I recently started studying undergraduate algebra, and I came across a proof about the right cosets of the centralizer and the conjugacy class.
As for notation, let $G$ be a group, and fix $a\in G$. Denote the centralizer of $a$ by $C_G(a)=\{g\in G:ga=ag\}$ and the conjugacy class of $a$ as $\{g^{-1}ag:g\in G\}$.

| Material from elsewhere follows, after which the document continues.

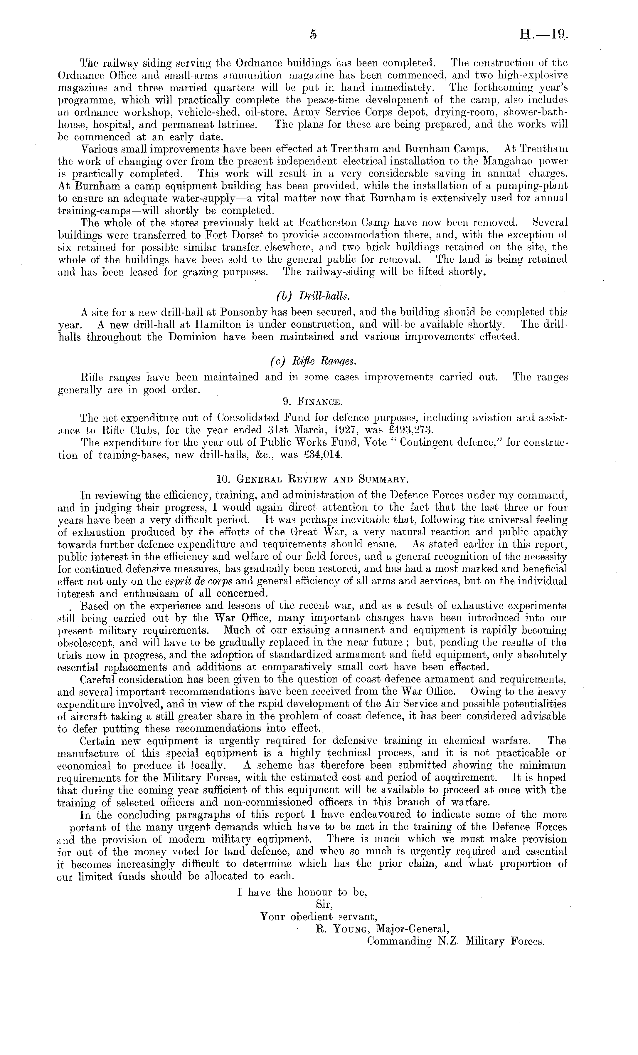 The railway-siding serving the Ordnance buildings has been completed. The construction of the Ordnance Office and small-arms ammunition magazine has been commenced, and two high-explosive magazines and three married quarters will be put in hand immediately. The forthcoming year's programme, which will practically complete the peace-time development of the camp, also includes an ordnance workshop, vehicle-shed, oil-store, Army Service Corps depot, drying-room, shower-bath-house, hospital, and permanent latrines. The plans for these are being prepared, and the works will be commenced at an early date. Various small improvements have been effected at Trentham and Burnham Camps. At Trentham the work of changing over from the present independent electrical installation to the Mangahao power is practically completed. This work will result in a very considerable saving in annual charges. At Burnham a camp equipment building has been provided, while the installation of a pumping-plant to ensure an adequate water-supply —a vital matter now that Burnham is extensively used for annual training-camps —will shortly be completed. The whole of the stores previously held at Feather st on Camp have now been removed. Several buildings were transferred to Fort Dorset to provide accommodation there, and, with the exception of six retained for possible similar transfer, elsewhere, and two brick buildings retained on the site, the whole of the buildings have been sold to the general public for removal. The land is being retained and has been leased for grazing purposes. The railway-siding will be lifted shortly. (b) Drill-halls. A site for a new drill-hall at Ponsonby has been secured, and the building should be completed this year. A new drill-hall at Hamilton is under construction, and will be available shortly. The drillhalls throughout the Dominion have been maintained and various improvements effected. (c) Rifle Ranges. Rifle ranges have been maintained and in some cases improvements carried out. The ranges generally are in good order. 9. Finance. The net expenditure out of Consolidated Fund for defence purposes, including aviation and assistance to Rifle Clubs, for the year ended 31st March, 1927, was £493,273. The expenditure for the year out of Public Works Fund, Vote " Contingent defence," for construction of training-bases, new drill-halls, &c., was £34,014:. 10. General Review and Summary. In reviewing the efficiency, training, and administration of the Defence Forces under my command, and in judging their progress, I would again direct attention to the fact that the last three or four years have been a very difficult period. It was perhaps inevitable that, following the universal feeling of exhaustion produced by the efforts of the Great War, a very natural reaction and public apathy towards further defence expenditure and requirements should ensue. As stated earlier in this report, public interest in the efficiency and welfare of our field forces, and a general recognition of the necessity for continued defensive measures, has gradually been restored, and has had a most marked and beneficial effect not only on the esprit de corps and general efficiency of all arms and services, but on the individual interest and enthusiasm of all concerned. . Based on the experience and lessons of the recent war, and as a result of exhaustive experiments still being carried out by the War Office, many important changes have been introduced into our present military requirements. Much of our existing armament and equipment is rapidly becoming obsolescent, and will have to be gradually replaced in the near future ; but, pending the results of the trials now in progress, and the adoption of standardized armament and field equipment, only absolutely essential replacements and additions at comparatively small cost have been effected. Careful consideration has been given to the question of coast defence armament and requirements, and several important recommendations have been received from the War Office. Owing to the heavy expenditure involved, and in view of the rapid development of the Air Service and possible potentialities of aircraft taking a still greater share in the problem of coast defence, it has been considered advisable to defer putting these recommendations into effect. Certain new equipment is urgently required for defensive training in chemical warfare. The manufacture of this special equipment is a highly technical process, and it is not practicable or economical to produce it locally. A scheme has therefore been submitted showing the minimum requirements for the Military Forces, with the estimated cost and period of acquirement. It is hoped that during the coming year sufficient of this equipment will be available to proceed at once with the training of selected officers and non-commissioned officers in this branch of warfare. In the concluding paragraphs of this report I have endeavoured to indicate some of the more portant of the many urgent demands which have to be met in the training of the Defence Forces and the provision of modern military equipment. There is much which we must make provision for out of the money voted for land defence, and when so much is urgently required and essential it becomes increasingly difficult to determine which has the prior claim, and what proportion of our limited funds should be allocated to each. 1 have the honour to be, Sir, Your obedient servant, R. Young, Major-General, Commanding N.Z. Military Forces.

The theorem states that there is a bijection between the right cosets of $C_G(a)$ and the conjugates of $a$. However, instead of explicitly defining a bijective function between $\{g^{-1}ag\}$ and $C_G(a)$, the proof does the following:
Proof. If $x,y\in G$ are in the same right coset, then $y=cx$ for some $c\in C_G(a)$. Thus $y^{-1}ay=x^{-1}c^{-1}acx=x^{-1}c^{-1}cax=x^{-1}ax$. Conversely, if $y^{-1}ay=x^{-1}ax$ then $xy^{-1}a=axy^{-1}$ and $xy^{-1}\in C_G(a)$ giving $x,y$ are in the same right coset. $\blacksquare$
The algebra/manipulation is all straightforward, but I'm struggling to understand what this proof is actually doing. My rough understanding of this proof is that:
If two conjugates of $a$ are equal (call them $x^{-1}ax$ and $y^{-1}ay$), then $x$ and $y$ are in the same right coset of $C_G(a)$.
If two elements $x,y$ are in the same right coset of $C_G(a)$, then $x^{-1}ax=y^{-1}ay$.

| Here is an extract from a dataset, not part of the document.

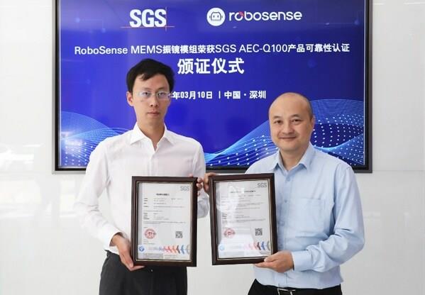 深圳2023年3月24日 /美通社/ -- 近日,国际公认的测试、检验和认证机构SGS与深圳市速腾聚创科技有限公司(以下简称:速腾聚创)成功举办"RoboSense MEMS振镜模组荣获SGS AEC-Q100产品可靠性认证"颁证仪式。速腾聚创CPO张腾、SGS中国互联与产品事业群总经理赵晖等双方重要嘉宾出席本次仪式。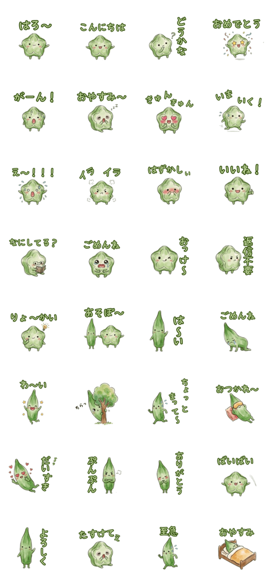 | スタンプ説明 | ゆるっと可愛い「オクラ~ず」で、気持ちを自然に伝えられます。会話にやわらかさがプラスされ、やりとりが楽しく。あなたはもちろん、送られた相手の心もほっと和みます。 |

Is this interpretation correct? And if so, why does this show a bijection between the right cosets and the conjugates?
Thank you!
As the proof shows, the elements of a given (fixed) coset of $C=C_G(a)$ all end up giving the same outcome, and hence we can define a function $f$ from the set of right cosets of $C$ to the set of conjugates of $a$ by $f(Cx) = x^{-1}ax$. That this is well defined is the thing the author actually proves when they show that the conjugate is independent of the choice of representative. Thus, $f(Cx) = f(Cy)$ whenever $x$ and $y$ are in the same right coset of $C$.
The other direction will also show that there exists a well defined function going the opposite direction. Suppose $x, y\in G$ are such that $x^{-1}ax=y^{-1}ay$. As the author shows, this leads to $xy^{-1}\in C$, and this means that $Cx = Cy$: $xy^{-1} = c \Leftrightarrow x = cy$ for some $c\in C$. Thus, we may define a function $g$ by $g(x^{-1}ax)=Cx$. It follows that, with the same $y$ as before, $f(y^{-1}ay)=Cy=Cx=f(x^{-1}ax)$, as desired.

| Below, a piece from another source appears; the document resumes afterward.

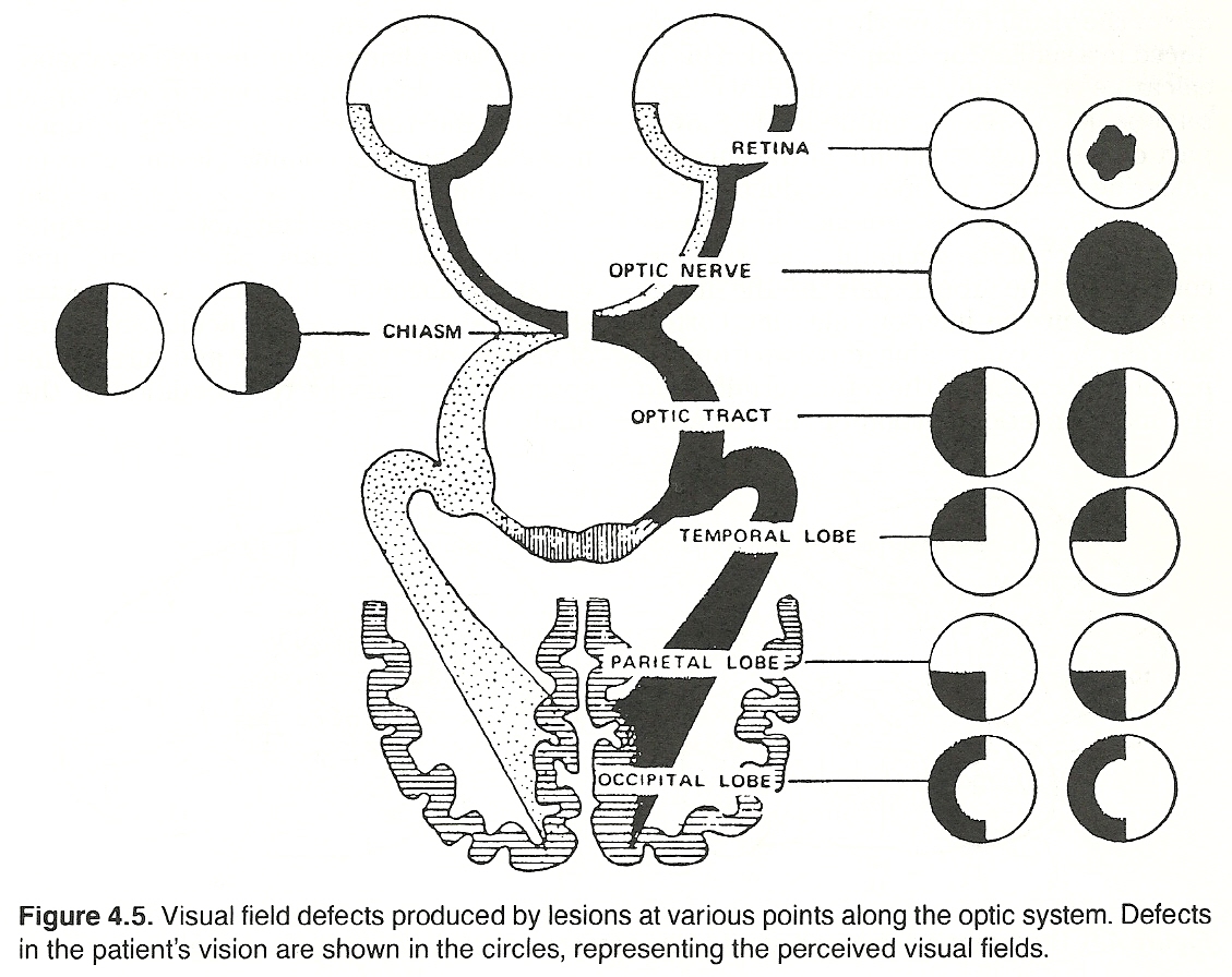 Unilateral lesions of the optic tract, lateral geniculate bodies, or optic radiations manifest as homonymous defects in the field of vision of one or both eyes, depending on whether the lesion is partial or complete. Lesions of the optic tract anterior to the optic chiasm produce a defect of vision in only one eye.

Now, let's compose them. $(g\circ f)(Cx) = g(x^{-1}ax)=Cx$ and $(f\circ g)(x^{-1}ax)=f(Cx)=x^{-1}ax$, so the composites are identities, and so $f$ and $g$ are mutual inverses. That's how you get the bijection(s). The same thing can also be done if you just switch right cosets to left ones.